「治療=患部が治っている」とは限らない
治療を受けたあとに「痛みが軽くなった」「動かしやすくなった」と感じると、多くの方は「患部そのものが治った」と思われるかもしれません。
しかし実際には、その時点で損傷した組織が完全に修復されているケースはほとんどありません。
筋肉、靱帯、腱、関節包などの組織が損傷した場合、炎症期・修復期・再構築期といった治癒の過程をたどります。

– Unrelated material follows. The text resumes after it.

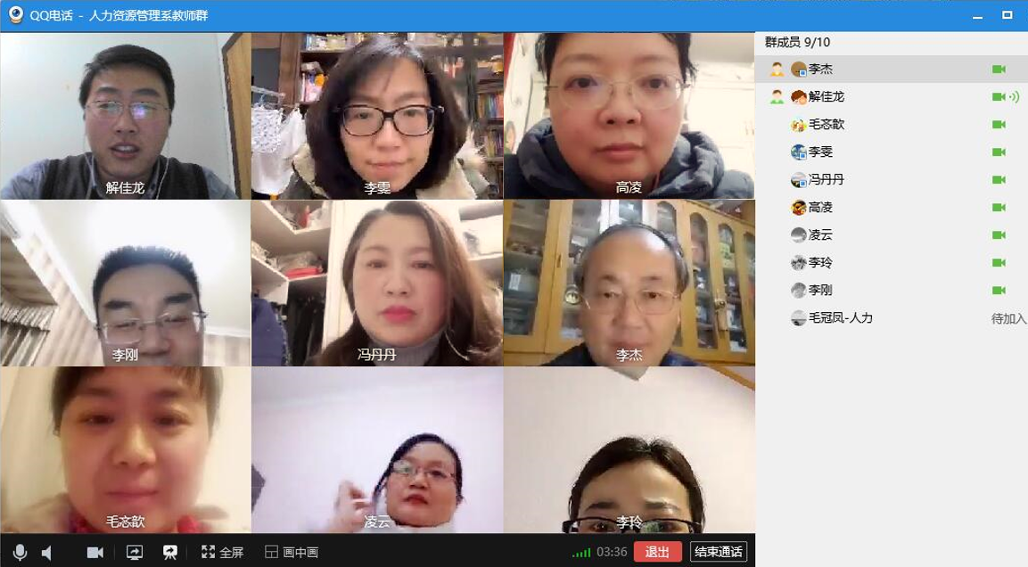 藏歷新年前夕,習(xí)近平總書(shū)記給在北京大學(xué)首鋼醫(yī)院實(shí)習(xí)的西藏大學(xué)醫(yī)學(xué)院17名臨床醫(yī)學(xué)專業(yè)本科生的回信,近期引發(fā)廣大師生的熱議。人力資源管理教研室于2020年3月2日20:00-20:45,組織開(kāi)展了“習(xí)近平總書(shū)記給在首鋼醫(yī)院實(shí)習(xí)的西藏大學(xué)醫(yī)學(xué)院學(xué)生重要回信精神”在線集體視頻學(xué)習(xí)會(huì)議,教研室共10名專任教師,除1名在外訪學(xué)教師外均參加了此次視頻學(xué)習(xí)會(huì)議(如圖1)。
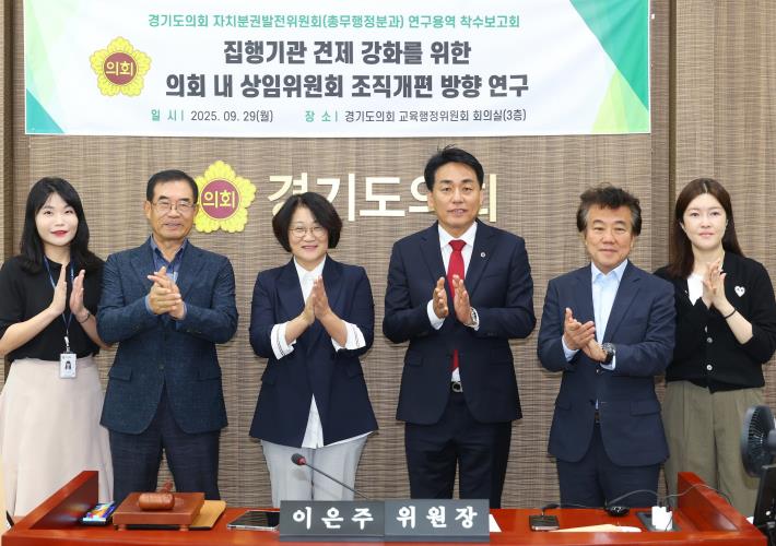 [뉴스노크=김인호 기자] 경기도의회 자치분권발전위원회 총무행정분과는 9월 29일 도의회 교육행정위원회 회의실에서 '집행기관 견제 강화를 위한 의회 내 상임위원회 조직개편 방향 연구' 착수보고회를 개최했다. 이번 연구는 향후 의원 정수 확대에 따라 예상되는 의정 환경 변화에 대응하고, 특히 교육분야 상임위 증설의 필요성을 검토하기 위해 추진됐다.

これらには一定の時間が必要で、数日や1回の施術で元通りになることは医学的にも考えにくいのが現実です。
それでも痛みが軽減するのはなぜなのでしょうか。
防御反応が身体の機能を落としている
ケガや痛みが生じると、身体はその部位を守ろうとして防御反応を起こします。
患部の周囲はもちろん、関連する筋肉や関節まで緊張が広がり、無意識のうちに身体全体が「動かない状態」を作り出します。
その結果、
・筋力の低下
・関節可動域の制限
・筋膜や軟部組織の滑走不全
・姿勢や動作の崩れ
といった問題が連鎖的に起こります。
実は、痛みの正体は損傷部位だけではなく、この二次的な機能低下によってさらに増幅されていることが少なくありません。
他組織の機能回復が痛みを変える
治療において行っているのは、必ずしも「患部を直接治す」ことだけではありません。
筋力や可動域を回復させたり、硬くなった軟部組織を緩めたり、動きの悪くなった関節の機能を取り戻したりすることが大きな目的になります。
これらが改善すると、
・患部に集中していた負担が分散される
・無理な代償動作が減る
・血流や循環が改善する
といった変化が起こり、結果として「痛みが軽くなった」「楽に動ける」と感じるようになります。

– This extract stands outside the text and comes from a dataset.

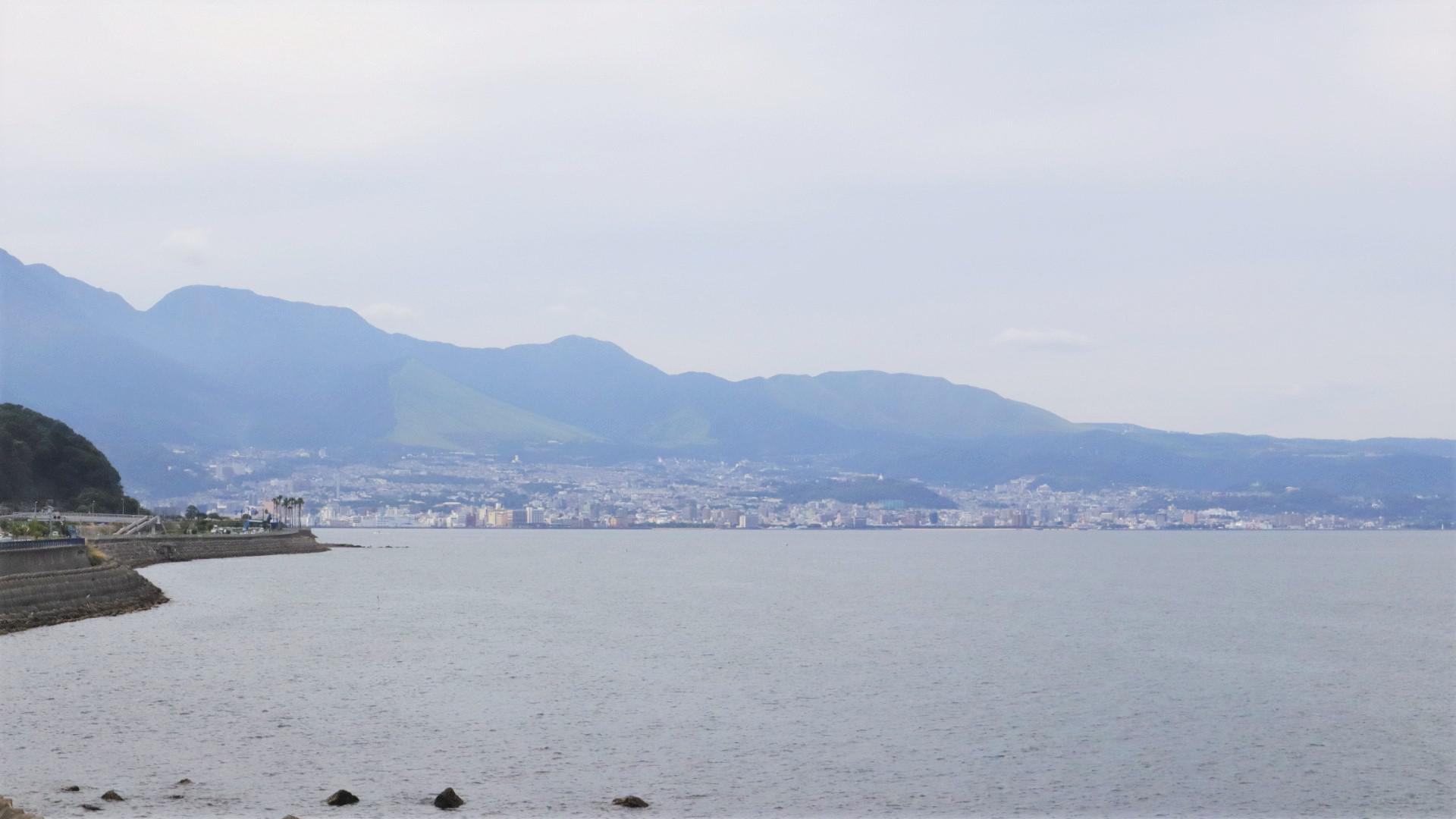 先程テイクアウトしたおにぎり定食の朝食を、かんたん港園から穏やかな別府湾(菡萏湾)を眺めつついただきましょう。朝食を済ませれば次の目的地「天海の湯」へ出発です。

つまり、痛みの改善=患部の完全修復ではなく、身体全体の機能バランスが整った結果なのです。
患部外の回復が治癒を促進する理由
さらに重要なのは、患部以外の機能回復が、結果的に損傷組織の治癒を促進するという点です。
周囲の筋肉や関節が正常に働くことで、患部にかかる過剰なストレスが減り、修復に必要な環境が整います。
「動かさない方が治る」という考えだけでは、かえって回復を遅らせてしまうこともあります。
適切に他の組織を回復させ、動ける状態を作ることが、結果として患部の回復を早める近道になるのです。
本当の意味での回復を目指して
痛みが取れた=治った、ではありません。
痛みの変化の背景に何が起きているのかを理解することが、再発予防や根本改善には欠かせません。
当院では、患部だけを見るのではなく、筋力・可動域・動作・全身のバランスを評価し、身体全体の機能回復を通じて根本的な改善を目指しています。
一時的な痛みの改善で終わらせず、長く安心して動ける身体づくりを一緒に進めていきましょう。